There’s more to his gyrations than that, of course, just as there’s more to the equally silly antics of other members of his privileged clique. Among the things the world contains, after all, is a great many ordinary people who are sick and tired of the pompous pretensions of the class for which Harari speaks. They know that when Harari talks about global order, what he means is that he wants them be ordered around by his rich friends according to some set of fashionable abstractions detached from local realities.  They believe that letting ordinary people live their lives and pursue their own self-defined goals instead—like wolves in the Chernobyl exclusion zone or plants on Ascension Island—will have better results than leaving the world in the hands of an incompetent elite. What’s more, the evidence suggests that they’re right.

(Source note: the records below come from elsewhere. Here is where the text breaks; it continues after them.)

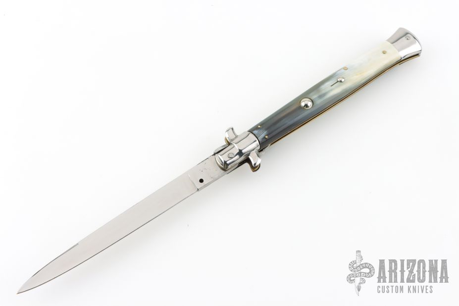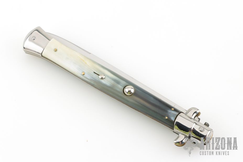 This 13" Swivel Bolster is marked "Rostfrei 7" on the blade, it features a mirror polished blade with false top edge. The handle has nickel silver bolsters, front and rear, buffalo horn scales, brass D-stamp liners, stainless spring. Has some light scratches, otherwise good condition.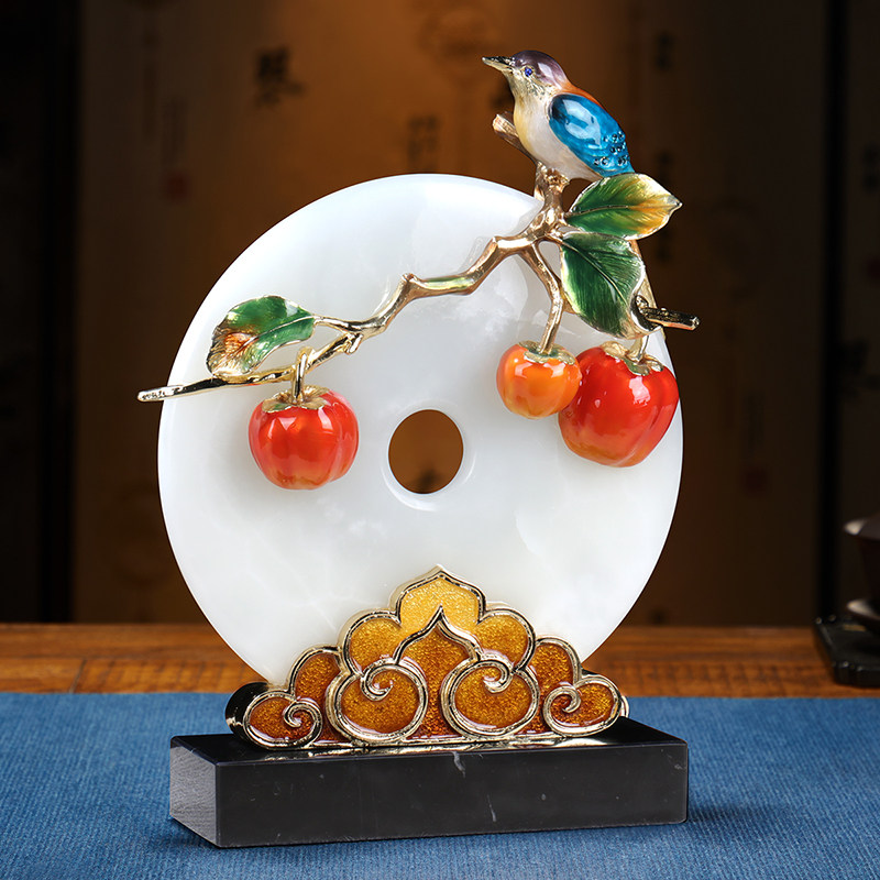 天然玉石平安扣摆件客厅酒柜中式锦鲤装饰博古架乔迁新居开业礼物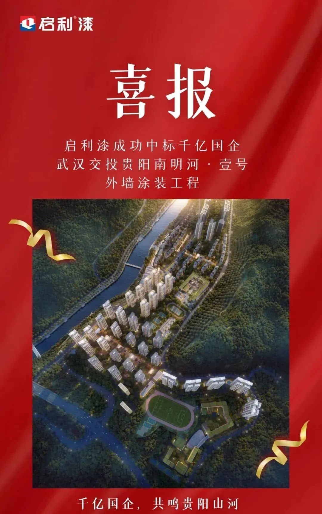 啟利漆成功攜手綠地控股旗下貴州建工集團助力千億國企武漢交投貴陽南明河·壹號外墻涂裝工程,外墻立面采用啟利質感涂料系列產品,總建筑面積超110萬方。

What gives all this teeth is that a great many of them are prepared to take matters into their own hands.  As Napoleon Bonaparte is supposed to have said, wars happen when the government tells you who the enemy is; revolutions happen when you figure it out for yourselves.  Quite a few people in the United States have figured things out for themselves, and  many of them seem quite willing to use Donald Trump’s monumental ego as a battering ram to knock some sense into a system that’s given them nothing but misery for too many decades. If that fails, in turn, they’ll simply reach for some other instrument, and it’s worth keeping in mind that their next choice may be even less welcome to Harari and his rich friends.


He’s not impressed, Mr. Harari. Neither are about eight billion of your fellow humans.

Meanwhile the wolves of the Chernobyl zone keep loping unharmed through a radioactive landscape.  Those wolves are laughing at you, Mr. Harari, and at the whole delusion of elite omnipotence on which you’ve staked your career and your life. You may want to listen to them.  Their laughter may be the only warning you get before they chase you down.